Now You See MeNow for Now You See Me which centres on four illusionists/con-artists (Jesse Eisenberg, Woody Harrelson, Isla Fisher and Dave Franco) whose massive live shows appear to drain the biggest bank vaults of the world and spit the stolen money out into the grateful audience. With the authorities on their tails desperate to prove them as criminals, ‘the Four Horsemen’ – as they dub themselves – put on shows of ever increasing size and ambition. The film is constantly building momentum towards… something… Whatever it is, we never really have it defined for us and by the time the film works itself out, everything ends and a soldered-on denouement offers a tedious explanation, leaving us feeling as empty and unconvinced as a film can.

Riffing on the theme of performance magic and hiring various Christopher Nolan regulars, the film has heavy pretensions of being something like The Prestige – one of the best films there is – but comes nowhere close.

In The Prestige, when Michael Cane says something mysterious about the psychology of magic, it is then backed up by an absorbing array of film trickery and breathtaking narrative misdirection all of which ties plot, character and atmosphere into something approaching the best film of the 00s.
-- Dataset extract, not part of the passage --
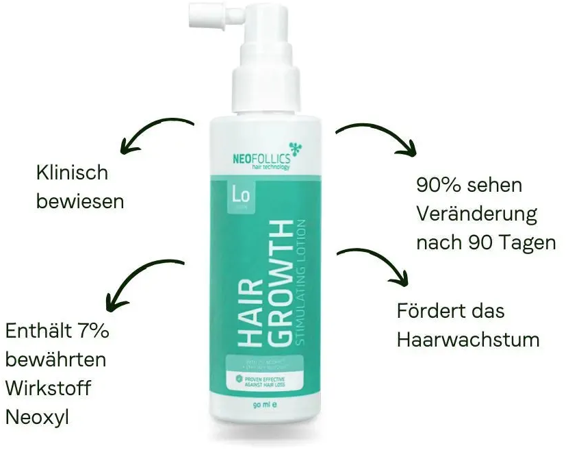 Die Neofollics Hair Growth Lotion von Neofollics enthält 7% Neoxyl®, ein Haarwuchskomplex mit aktiven Inhaltsstoffen, die in Synergie arbeiten und gezielt gegen Haarausfall vorgehen. Zu diesen Inhaltsstoffen gehören Haarwuchsmoleküle wie Adenοsine, Vividine® und Aminexil® sowie Pflanzenextrakte wie Ecklonia Cava und Himbeerketon. Diese Kombination versorgt Haare sowie Kopfhaut mit reichlich Nährstoffen und aktiviert den Wachstum.

In Now You See Me, when Morgan Freeman says something mysterious like “the more you think you see, the easer it’ll be to fool you” or “the closer you think you are, the less you’ll actually see”, what then happens is a few special effects, magic show audiences then say “wow” in an attempt to make the cinema audiences say “wow” and eventually we’re all wowing at how little anything ties together.